Tiefe Zinsen als Treiber
Der Boom sei auf die extrem tiefen Zinsen zurückzuführen, sagt Thomas Liebi,
Chefökonom von Swisscanto. Es gebe
eine Risikoverschiebung von Aktionären zu Obligationären. So könne es
selbst lukrativ sein, Geld, das mit Anleihen aufgenommen wurde, direkt in
Aktienrückkäufe zu investieren. Für
eine kotierte Gesellschaft gibt es mehrere Beweggründe für den Aktienrückkauf. Die Transaktion reduziert die Anzahl der ausstehenden Valoren, dadurch
muss der Gewinn auf weniger Aktien
verteilt werden. Gemessen an der
Kennzahl Gewinn pro Aktie wird das
Unternehmen auch bei unverändertem
Gewinn profitabler.
Viele Unternehmen haben in der
Krise die Sparanstrengungen intensiviert und ihre Effizienz gesteigert und
verfügen über rekordhohe Cash-Bestände. Unter diesen Umständen zieht
in der Regel auch die Fusions- und
Übernahmetätigkeit (M&A, Mergers &
Acquisitions) an. Gemäss einer Studie
von Citigroup haben aber die Transaktionen nicht mit dem rekordesetzenden Aktienrally Schritt gehalten, weil
viele Unternehmen stattdessen Aktien
zurückkauften. Die M&A-Aktivitäten
in den zwölf Monaten bis September
summierten sich monatlich auf durchschnittlich 89,7 Mrd. $. Das entspricht
einem Plus von 12% gegenüber dem
Wert vom September 2011. Der S&P
500 gewann im gleichen Zeitraum 49%.
Nicht berücksichtigt wird hier, wenn
Unternehmen «sich selbst kaufen», also
eigene Titel erwerben.
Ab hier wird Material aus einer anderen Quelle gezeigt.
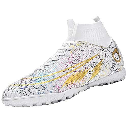 Unitysow Zapatos de Fútbol Hombres Aire Libre Spike Zapatillas de Deporte Atletismo Profesionales Training Botas de Fútbol,Blanco,39 EU

Aktien zurückzukaufen, sei der am wenigsten riskante
Weg, die Aktienkurse in die Höhe zu
treiben, und habe an Beliebtheit gewonnen, heisst es in einer Studie von Birinyi
Associates. Martin Hüsler, stellvertretender Leiter des Research der Zürcher
Kantonalbank, präzisiert, seien die Bewertungen der Aktien eher hoch – wie
dies zurzeit der Fall ist –, falle die Gewinnverdichtung durch Aktienrückkäufe jedoch geringer aus.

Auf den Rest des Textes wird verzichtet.